HETANEWS.com - Amerika Serikat sedang membangun bom nuklir besar-besaran yang 24 kali lebih kuat daripada yang dijatuhkan di Jepang selama Perang Dunia II.

Melansir dari Fox News, Departemen Pertahanan AS, Pentagon sedang mencari persetujuan Kongres untuk program tersebut, yang bertujuan untuk membangun “varian modern dari bom gravitasi nuklir B61, yang akan diberi nama B61-13.”

“Pengumuman hari ini mencerminkan perubahan lingkungan keamanan dan meningkatnya ancaman dari musuh potensial,” kata Asisten Menteri Pertahanan untuk Kebijakan Luar Angkasa John Plumb dalam rilisnya.

“Amerika Serikat memiliki tanggung jawab untuk terus menilai dan menggunakan kemampuan yang kita perlukan untuk mencegah dan, jika perlu, merespons serangan strategis, dan meyakinkan sekutu kita,” ujarnya.

Pentagon terlihat dari penerbangan yang lepas landas dari Bandara Nasional Ronald Reagan Washington di Arlington, Virginia. Foto: Alex Wong/Getty Images

Seberapa kuatkah B61-13?

Bom baru tersebut akan memiliki hasil maksimal 360 kiloton. Sebagai gambaran, bom yang dijatuhkan di Hiroshima berkekuatan 15 kiloton. B61-13 juga akan berukuran sekitar 14 kali lebih besar dari bom yang dijatuhkan di Nagasaki, yaitu 25 kiloton.

Menurut lembar fakta yang dirilis oleh Pentagon, bom baru yang kuat ini juga akan “mencakup fitur keselamatan, keamanan, dan akurasi modern dari B61-12.”

Dimana bom itu akan digunakan?

Pesawat modern dan catatan peluncuran akan mampu mengirimkan bom baru, memberikan presiden AS pilihan baru untuk menyerang musuh dan memperluas sasaran militer dengan lebih keras.

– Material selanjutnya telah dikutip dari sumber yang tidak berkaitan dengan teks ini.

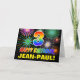 The front of this cheerful, colourful, and fun birthday-themed greeting card design features a large number "3" and the message "HAPPY BIRTHDAY,", both having a rainbow spectrum gradient inspired pattern colouring, along with a bold yellow customisable recipient name. The front also has a multicolored bursting celebratory fireworks inspired background pattern. The inside features a customised birthday greeting message, or could perhaps be cleared and left blank if a message is to be written by hand instead. An exciting personalised birthday card like this might be a fun way to send a message celebrating somebody’s third birthday. [~Z0000471]
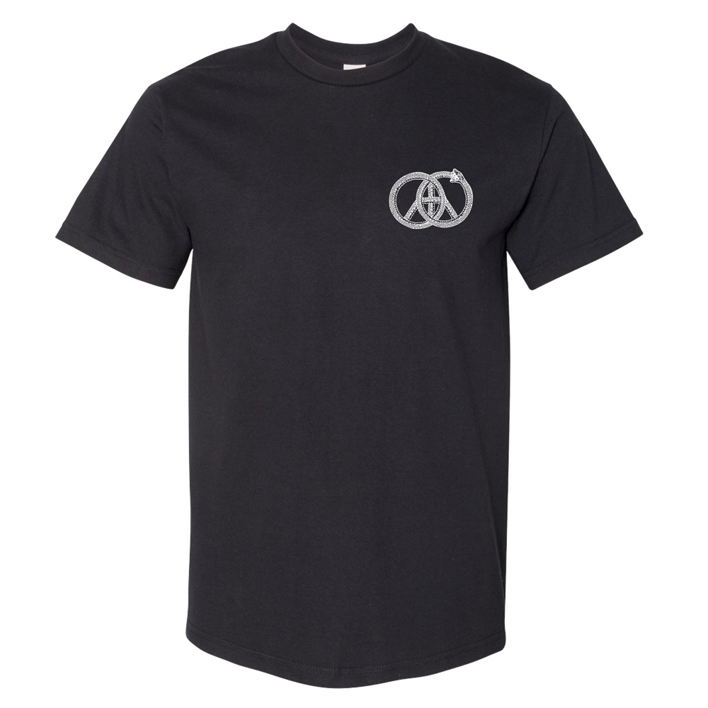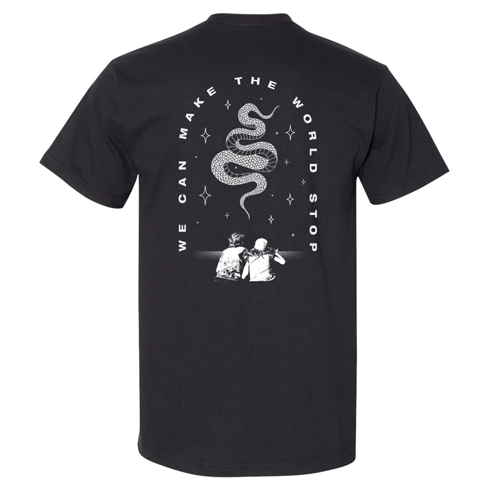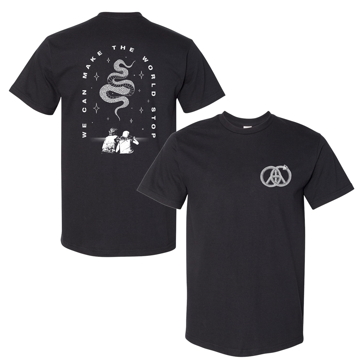 Black unisex tee shirt featuring The Glitch Mob Ouroboros logo printed on the front and We Can Make the World Stop artwork printed on the back.

Jika disetujui, bom tersebut akan menggantikan beberapa B61-7 yang saat ini ada di timbunan nuklir AS, alih-alih menambah jumlah total stok.

“B61-13 mewakili langkah yang masuk akal untuk mengelola tantangan lingkungan keamanan yang sangat dinamis,” kata Plumb.

“Meskipun hal ini memberi kita fleksibilitas tambahan, produksi B61-13 tidak akan meningkatkan jumlah keseluruhan senjata dalam persediaan nuklir kita,” tambahnya.

Meningkatnya ketegangan dengan Tiongkok dan Rusia

Perkembangan ini terjadi di tengah meningkatnya ketegangan dengan Rusia dan Tiongkok mengenai isu perjanjian larangan uji coba nuklir, yang disebut 'Perjanjian Larangan Uji Coba Nuklir Komprehensif'.

Rusia, awal bulan ini, menarik ratifikasi perjanjian tersebut, membuka jalan bagi negara tersebut untuk melakukan uji coba nuklir.

Awal bulan ini, AS juga melakukan eksperimen dengan daya ledak tinggi di lokasi uji coba nuklir di Nevada, yang semakin memicu ketegangan antara kedua kekuatan tersebut.

Menurut para pejabat AS, uji coba tersebut dimaksudkan untuk memajukan "usaha kami mengembangkan teknologi baru guna mendukung tujuan nonproliferasi nuklir AS."